• [Exercise objective]: Omitting all images, set down every line below exactly as it appears.

━━━ Given data ━━━

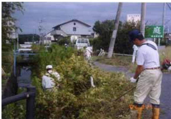
住民参加による河川・水路の清掃活動
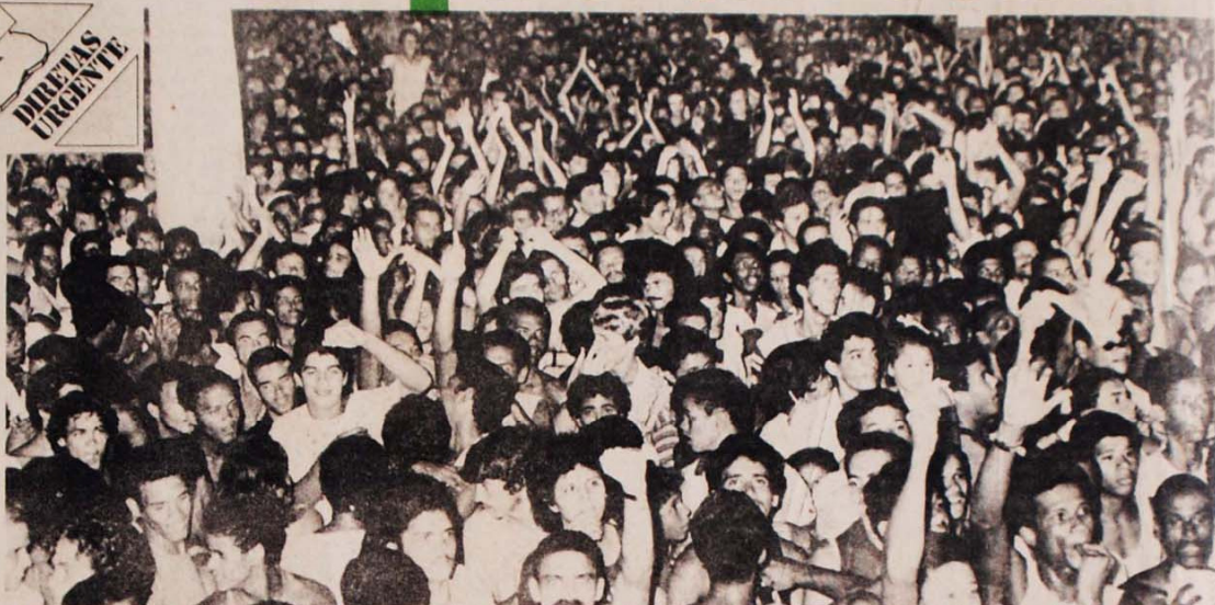
O comício-show, dia 5, foi o primeiro a atingir a casa de dezenas de milhares, inaugurando uma série que deverá prolongar-se pelas próximas semanas e por várias cidades.
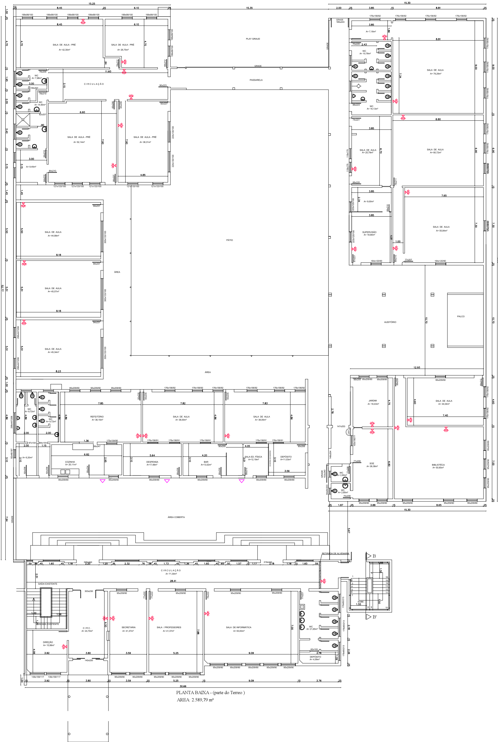
PLANTA BAIXA - (parte do Terreo ) ÁREA: 2.589,79 m²

━━━

• [Exercise answer]:
住民参加による河川・水路の清掃活動
O comício-show, dia 5, foi o primeiro a atingir a casa de dezenas de milhares, inaugurando uma série que deverá prolongar-se pelas próximas semanas e por várias cidades.
PLANTA BAIXA - (parte do Terreo ) ÁREA: 2.589,79 m²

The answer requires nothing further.